Communicate Better with Your Negative Athlete | Q&A with Coach Rebecca

Today’s Topic: Communicate Better with Your Negative Athlete

About Me

Welcome to Q&A with Coach Rebecca.  I’m Rebecca Smith, founder and director of Complete Performance Coaching and a high performance coach.  I specialize in helping athletes age eight to 18 perform happy, perform better, and enjoy their sport.  I’m a member of a team of fabulous coaches who are all performance enhancement and sports psychology experts, who love working with kids and enjoy helping people overcome fear and build confidence.

We do this in two different ways.  We do one-on-one coaching through Skype or Facetime. Then we also have a full service, online, mental training community that has courses and coaches and all kinds of support.  New trainings every week live with me.  Then we might even add other coaches to do other live trainings.  That’s all, just all getting better and better every single day.  So that you can find at

Having a Negative Athlete

We have two different parents who are members of the Perform Happy community who have chimed in with a struggle that they’re going through with a negative athlete.  I’ve heard this a lot.  In the Perform Happy community, I see two ends of the spectrum.  There are the kids who are thriving – they’re doing the trainings, and they’re doing what I tell them to do, and they’re getting these incredible results.  They’re overcoming fear, winning state, winning regionals.  They’re thriving.

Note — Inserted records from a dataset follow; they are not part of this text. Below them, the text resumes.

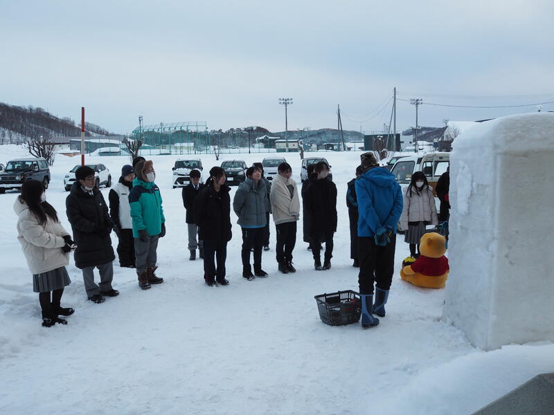 ご存じの通り、本校は町外からの入学生が多いです。そのため、地域の理解を深めるために町内の企業や施設の見学を実施しています。苫前町議会議員であり本校のPTA顧問である間宮英明様の案内で1年生の恒例行事となっています。
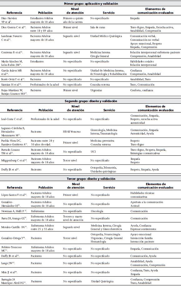 Los aspectos regularmente incluidos en los instrumentos, relacionados con una comunicación efectiva, son la empatía, las habilidades sociales y el apoyo emocional. Algunos autores además de evaluar la relación que existe entre el personal de enfermería y el paciente, investigan la calidad de la atención que se brinda en las instituciones hospitalarias14,37.
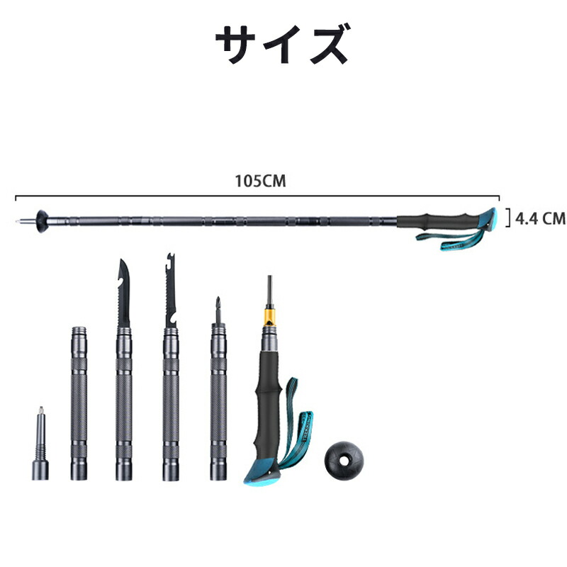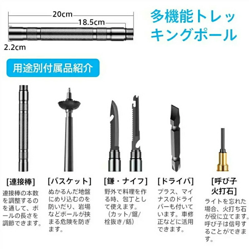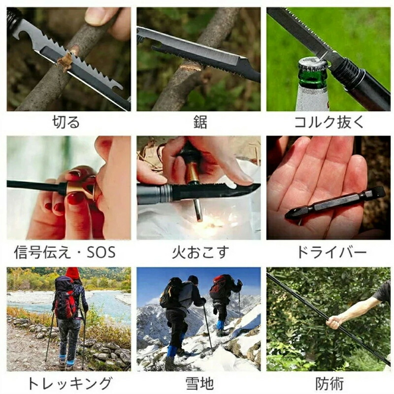 アップグレード版多機能トレッキングポール:全ての部品は別に各種ツールを組み合わせ出来ます。ナイフ、鋸、ドライバー、呼び子、火打石、コンパスなどの機能が付きますので、いろいろな状況を対応できます。アウトドアEDCツールとして、キャンプ、ピクニック、狩りに最適です。マッスルトレーニング、杖術、合気道、空の手に使用できます。

The kids who I see in the forums checking in with me, telling me their goals, telling me they’re excited, telling me they’re nervous, telling me what’s going on, those kids are all-star athletes right now.

Then there is the other side, which is the kids who are not engaging; their parents are so frustrated.  They show up and they’re asking, “What do I do?  How do I get my kid to do this?  I’m giving them what they need and they’re just not picking it up.”

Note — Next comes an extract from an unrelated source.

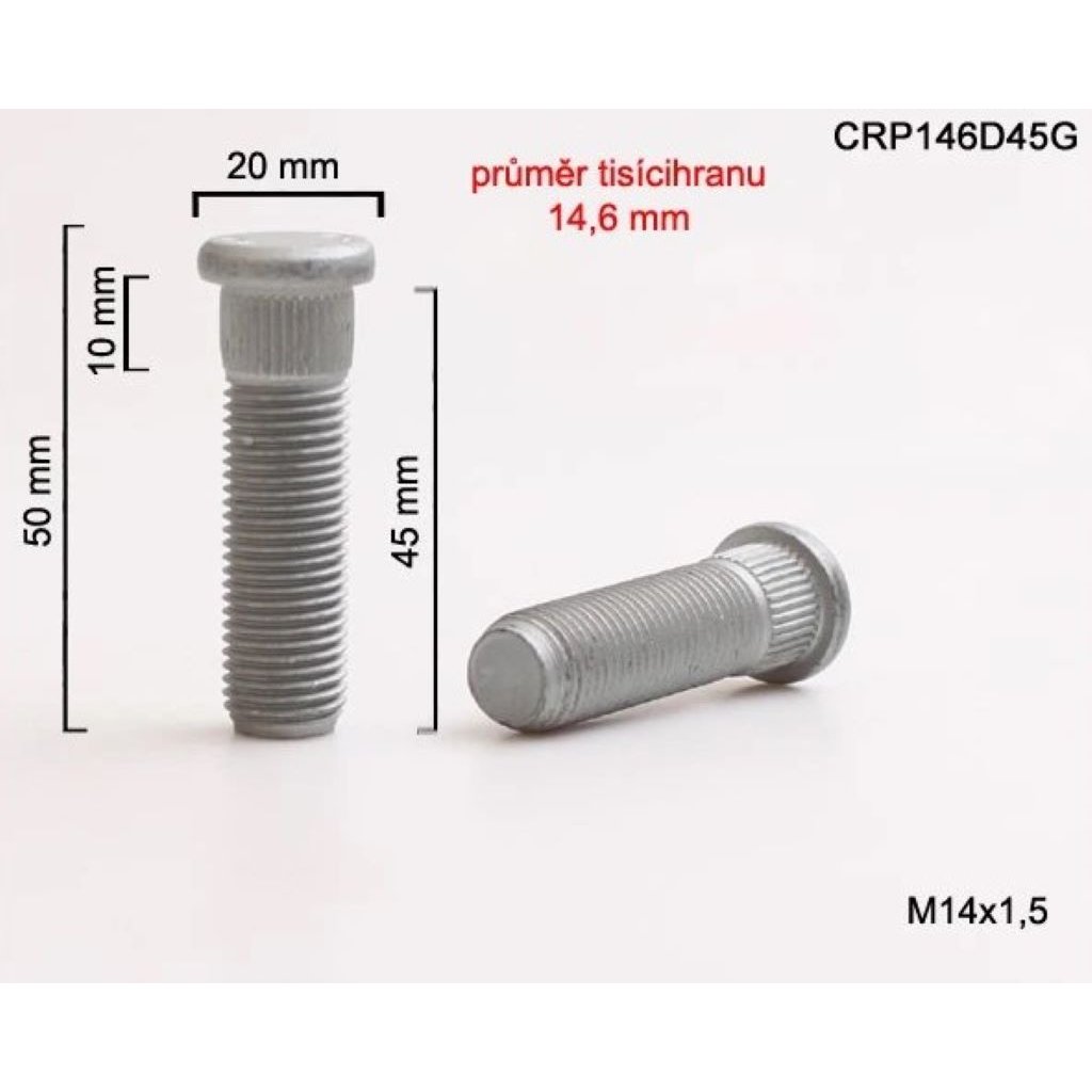 Kolový šteft (svorník) M14x1,5x45mm (celková délka 50mm), průměr tisícihranu 14,6 mm.

“You can lead a horse to water, but you can’t make them drink, right?”

A lot of the time these kids are really struggling with negativity.  They even have this feeling of thinking, “Nothing’s going to work.  I’m just messed up.  It’s not going to work.”  The questions I got are kind of along those lines.

I’m going to give you some tips on how to help your athlete who is stuck on the negative side get over into the other side of these thriving, happy, excited athletes.

The first question comes from an All-Star Cheer mom.  She reached out and said,

Q: My daughter had a meltdown today.  She absolutely refuses to be positive.  I honestly don’t know what to do anymore.  She’s holding onto her negative belief system for dear life.  She refuses to believe that she can.  I really don’t know how she can dig herself out of this.  I’m desperate.  Three years of this and I’m just worn out.


Well, Mom, you are not alone.  I get emails like that all of the time, and people in the community as well who say, “Oh my gosh, please make this stop.  Can we just quit the sport?  Can we do something else?”  But then the kid says, “No, I don’t want to quit. This is my sport.  I love it.”  Then Mom is stuck in the middle going,

“Well, how do I handle this then if you’re going to be on this emotional rollercoaster, not accept any help from me? How do I deal?”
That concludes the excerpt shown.